* Given records

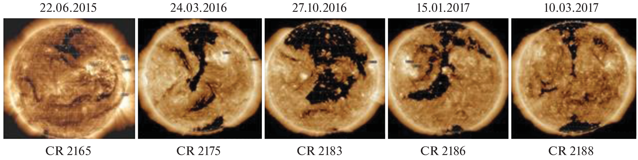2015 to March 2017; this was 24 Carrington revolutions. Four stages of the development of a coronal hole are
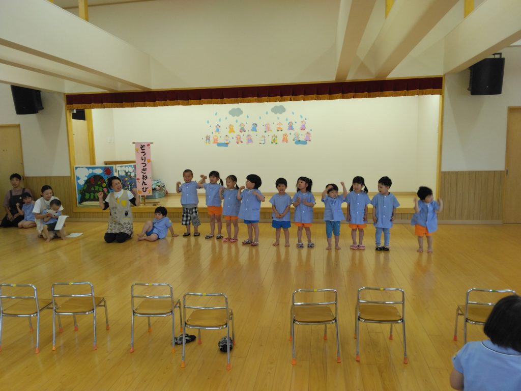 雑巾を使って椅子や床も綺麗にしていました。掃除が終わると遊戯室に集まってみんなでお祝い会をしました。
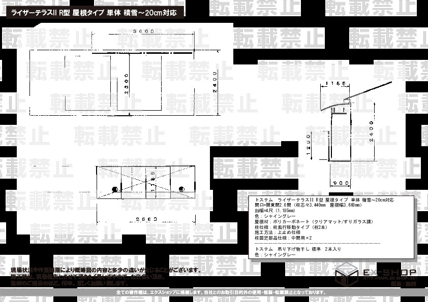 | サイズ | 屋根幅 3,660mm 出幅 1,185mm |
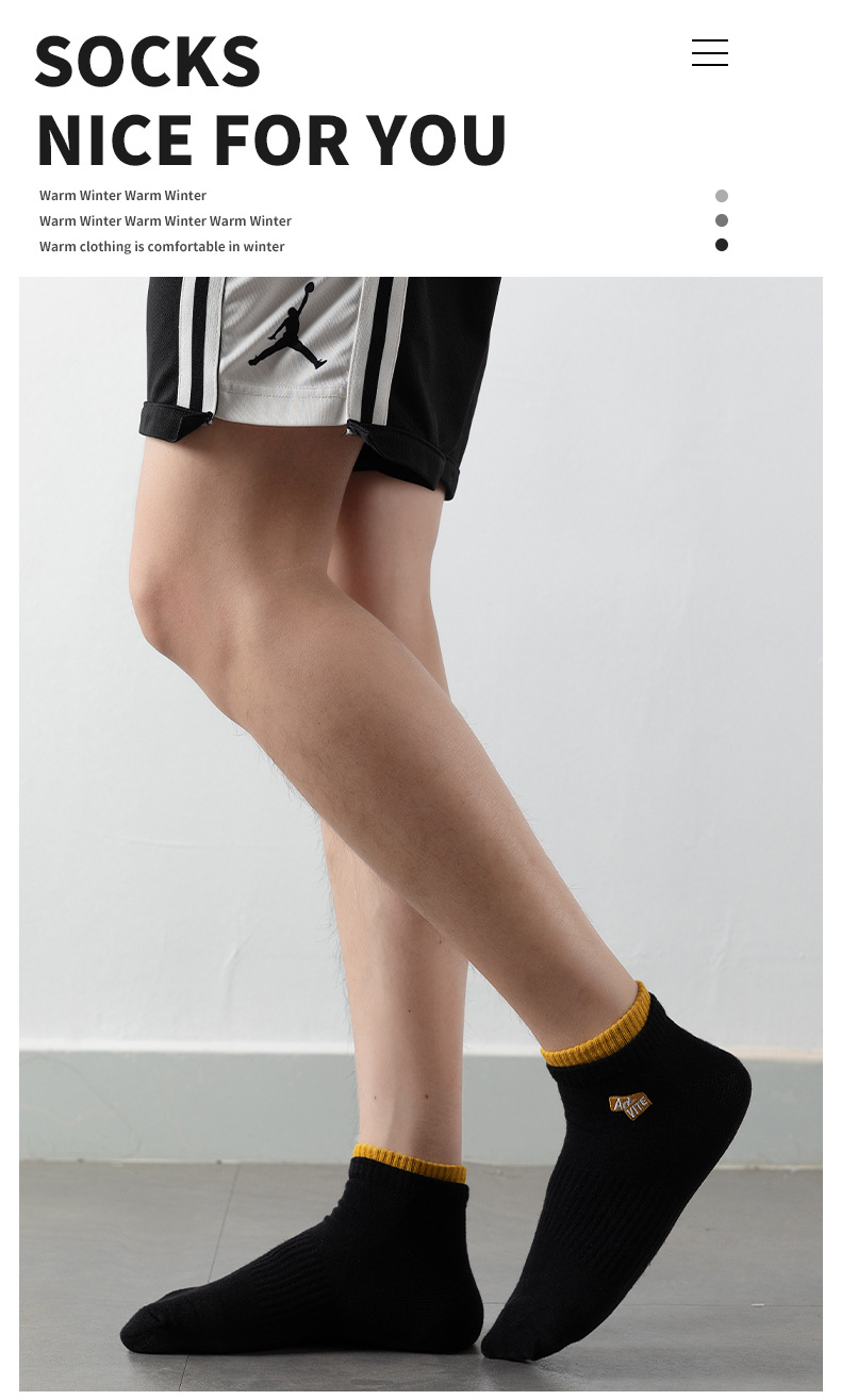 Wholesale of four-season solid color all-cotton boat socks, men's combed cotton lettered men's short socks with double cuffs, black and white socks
...
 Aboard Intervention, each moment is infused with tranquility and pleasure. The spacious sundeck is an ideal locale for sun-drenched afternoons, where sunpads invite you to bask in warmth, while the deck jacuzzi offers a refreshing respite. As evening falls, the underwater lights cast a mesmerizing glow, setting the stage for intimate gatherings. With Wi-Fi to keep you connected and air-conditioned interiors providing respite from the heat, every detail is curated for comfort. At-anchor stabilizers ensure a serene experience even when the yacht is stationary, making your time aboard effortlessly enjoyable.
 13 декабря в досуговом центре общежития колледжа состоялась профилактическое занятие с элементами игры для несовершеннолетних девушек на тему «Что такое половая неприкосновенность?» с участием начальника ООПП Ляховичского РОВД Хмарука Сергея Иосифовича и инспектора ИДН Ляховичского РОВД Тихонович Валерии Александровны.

* Brief
How would the lines above read from the one with "雑巾を使って椅子や床も綺麗に" to the one with "Wholesale of four-season", inclusive, with no pictures? Write them out exactly.

* Exercise output
 雑巾を使って椅子や床も綺麗にしていました。掃除が終わると遊戯室に集まってみんなでお祝い会をしました。
 | サイズ | 屋根幅 3,660mm 出幅 1,185mm |
 Wholesale of four-season solid color all-cotton boat socks, men's combed cotton lettered men's short socks with double cuffs, black and white socks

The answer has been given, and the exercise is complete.